Людмила Бояджиева - Не плачь, Джульетта! [Феллини]
Доктор сестре: — Приносите телефон. (Феллини) Только, пожалуйста, не долго, маэстро.
Феллини, (В трубку): — Роццоли? Спасибо, дружище, потрясающие цветы — нечто в стиле Ботичелли. А твоя записка поможет мне лучше всяких антибиотиков… Роццоли! Эй, где ты? (дует в трубку) Тишина…?
Затем в трубке раздается официальный голос: «- Синьор Феллини, комендаторе плачет!» Потом сморкание и голос Роццоли: — Я даже слезу пустил, до того ты растрогал меня своими словами…. Надеюсь… Надеюсь, от этой болезни мозги у тебя прочистятся и ты перестанешь делать такие фильмы, как прежде. Теперь ты должен слушаться меня и снимать, что скажу я.
Феллини, (в сторону) — Держи карман шире, старая лисица. (в трубку) Я сделаю фильм про великого человека — про тебя, дружище…
Доктор: — Ну, я оставлю вас, дорогой мой. Пора, пора отдохнуть от столь бурных впечатлений. (уходит, унося телефон)
Феллини: — И пусть уберут подальше эти розы. Развонялись, как в парфюмерной лавке.
Ночь. Феллини один. Работают аппараты. Журналист у его палаты. В темноте проплывают светящиеся головы. Вокруг Журналиста — вазы с цветами, корзина роз.
Журналист (в халате сиделки): — По ночам коридор полон цветов, вынесенных из палаты — цветы, цветы. Как на кладбище. Горят только ночники. В полутьме иногда видишь плывущую по воздуху светящуюся голову как в каком–нибудь старом детективном фильме. Это монахини или санитарки, направив свет своих электрических фонариков кверху, проверяют градусники. Вот таким манером. (показывает, освещая свое лицо фонариком.
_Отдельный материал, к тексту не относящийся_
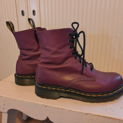 Dr. Martensin mustat Chelsea-nilkkurit. Käytön jäljet näkyy kuvissa. Ulkopuoli perussiistissä kunnossa. Sisäpuolella enemmän kulumaa: kantoihin laitettu korjauspaikat, pohjallisessa kulumaa. Itsellä ei jaloissa pitäessä tunnu epämukavia kohtia, mutta jonkun toisen ihmisen jalat tietenkin muotoutuvat kenkään eri tavalla. Kengät edelleen pitävät kosteutta, eli pohjista ja saumoista ehjät. Sisäpituus 24,5cm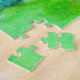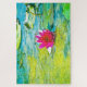 Um lírio de água fuchsia com folhagem de verde limão em água turquesa faz um quebra-cabeça de quebra-cabeça inspirado em Monet.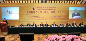 3月21日,由國務院發展研究中心主辦的中國發展高層論壇2010年會開幕式在北京舉行。本屆年會主題為“中國和世界經濟:增長·調整·合作”。新華社記者

Заходит в палату Феллини, берет градусник, садится в ногах кровати).
Феллини (окончательно просыпается, зажигает свет, пытается столкнуть его, но бессильно падает на подушки): — Дождался–таки, что у меня нет сил намять тебе бока, патака.
Журналист: — Патака — романьольское ругательство. Но я не обидчив. Тем более — в победном расположении духа. Я давно гонялся за вами. Давно хотел поболтать по душам, маэстро.
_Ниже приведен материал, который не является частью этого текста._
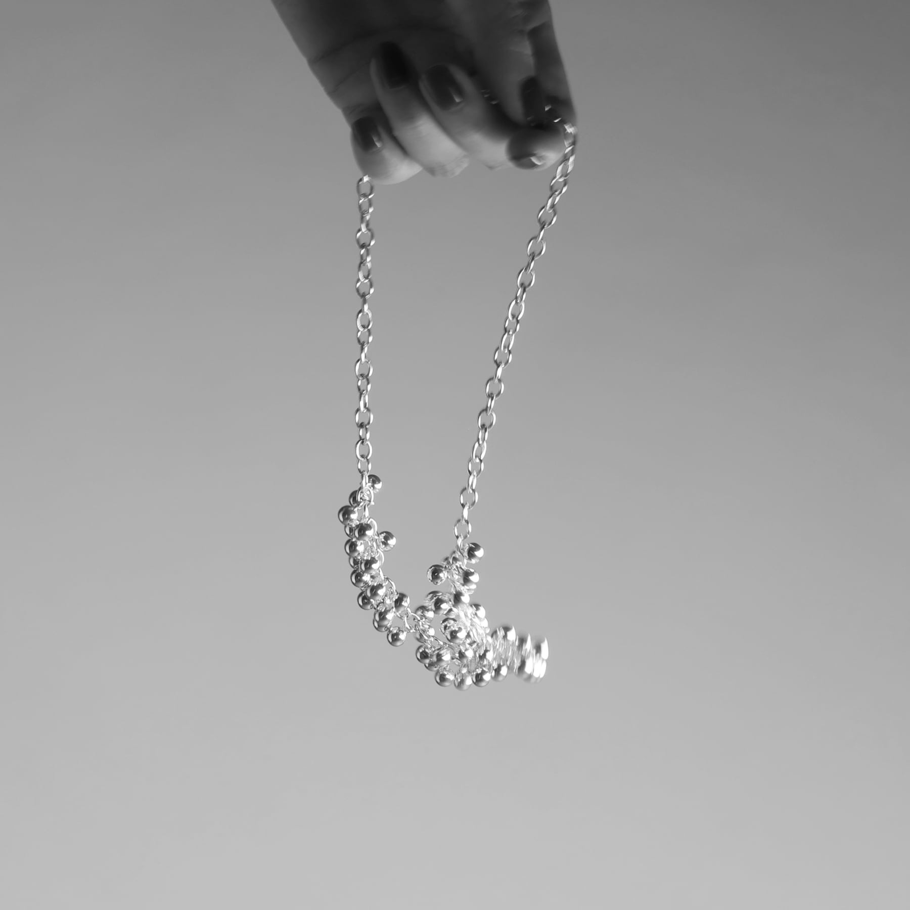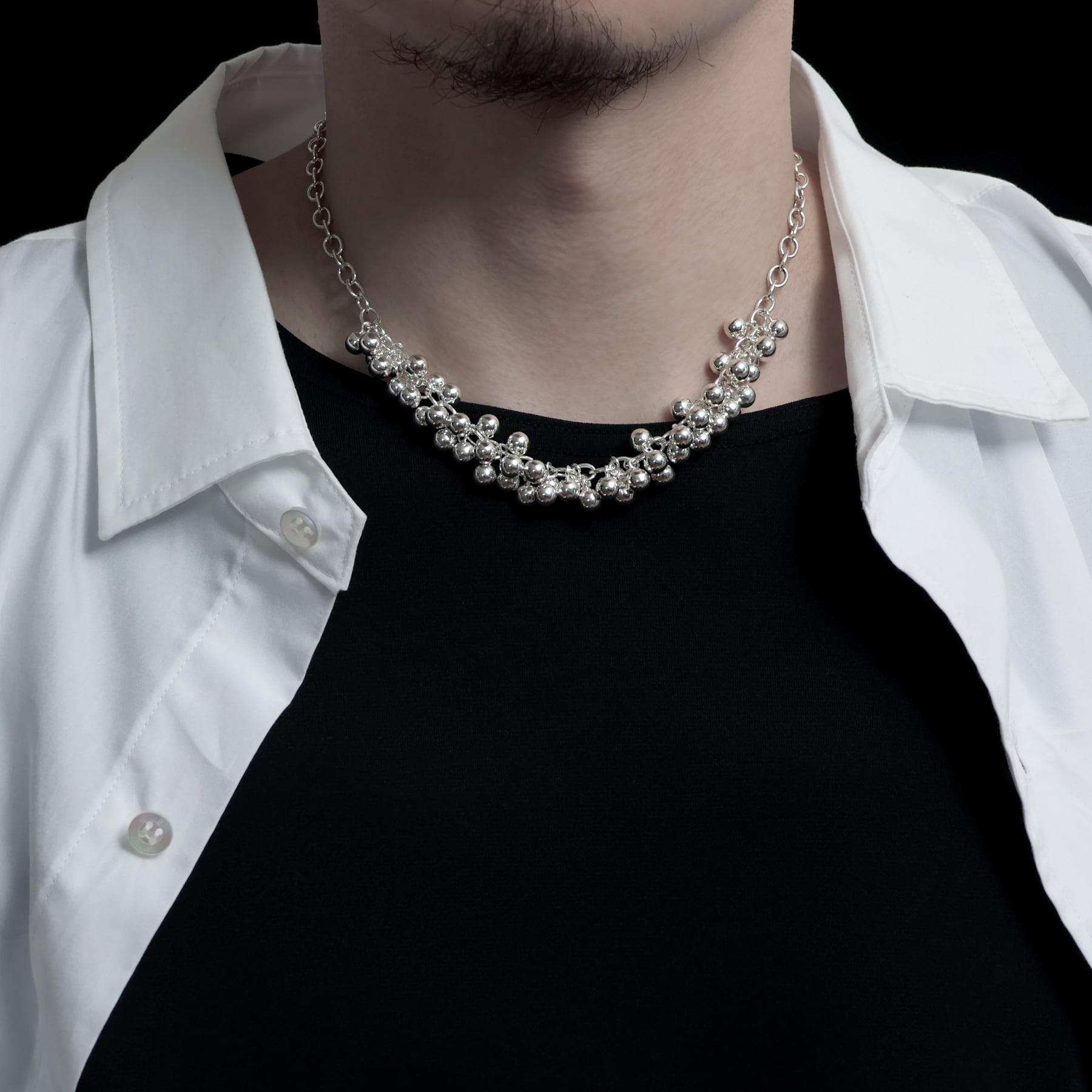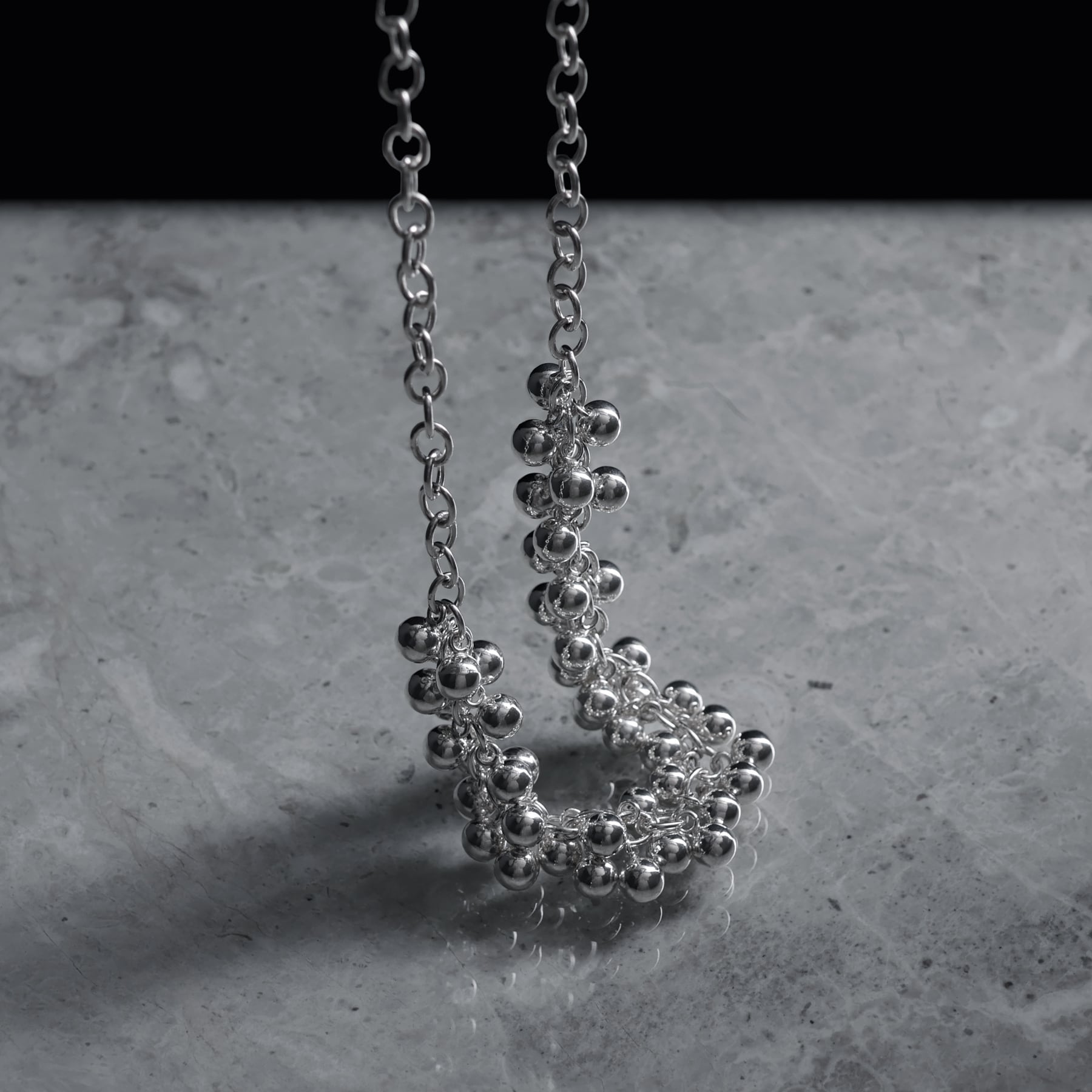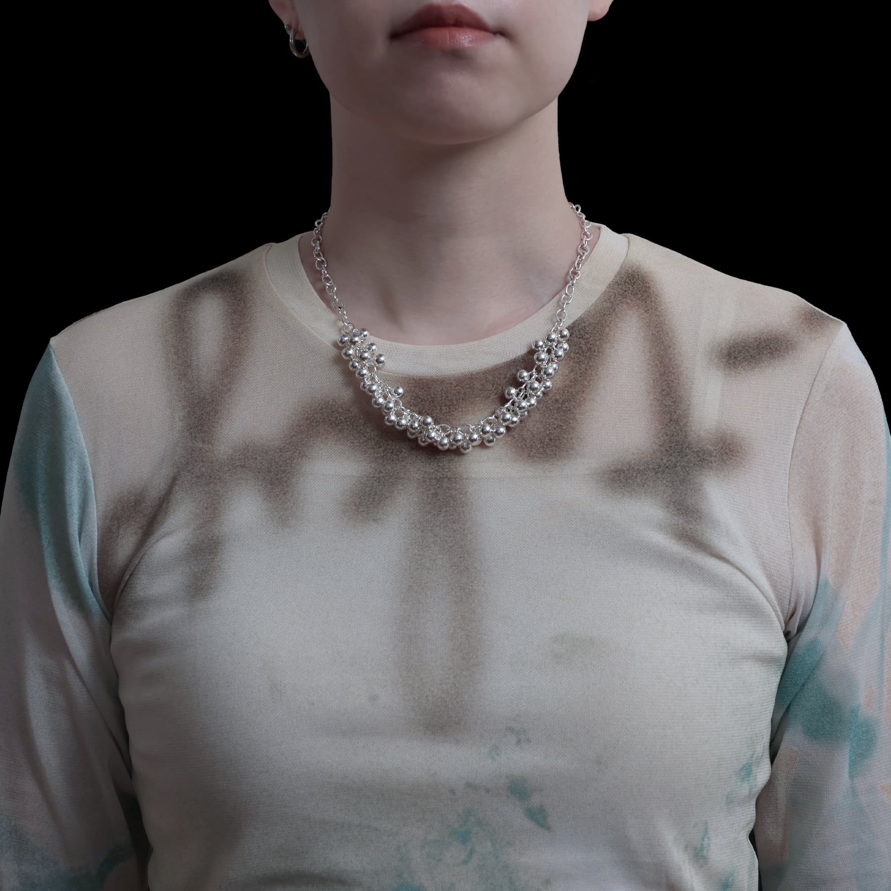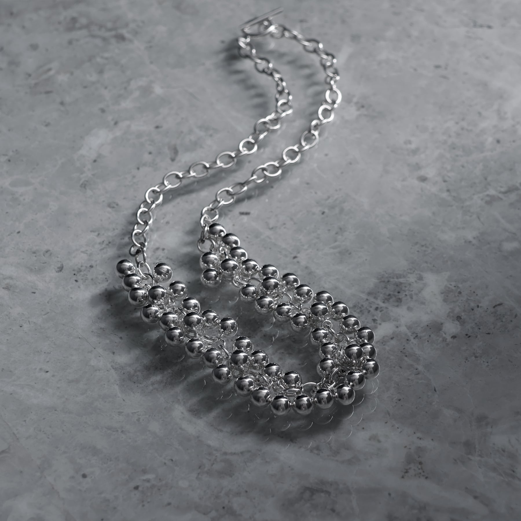 ・シルバービーズを密に重ね連ねた華やかなネックレス。

Феллини: — Выжидал, когда льва ранят и напал, как гиена. Проник сюда под видом медицинского работника… Патака! Вонючий патака.
Журналист: — Воспринимайте меня как сиделку. Как доверенное лица, доброжелательного критика, понимающего друга… (заботливо поправляет подушки, одеяло)
Феллини: — Как Папу Римского и собственную маму. Сейчас начнешь пытать меня — будешь докапываться, какую задачу я ставлю перед собой, когда снимаю фильмы. Интересоваться философскими замыслами, подтекстом и всякой там…феноменологией духа.
Журналист: — Избави бог! У меня совсем иной интерес. Но все же любопытно, раз уж вы сами заговорили: — и зачем? Зачем вы их снимаете?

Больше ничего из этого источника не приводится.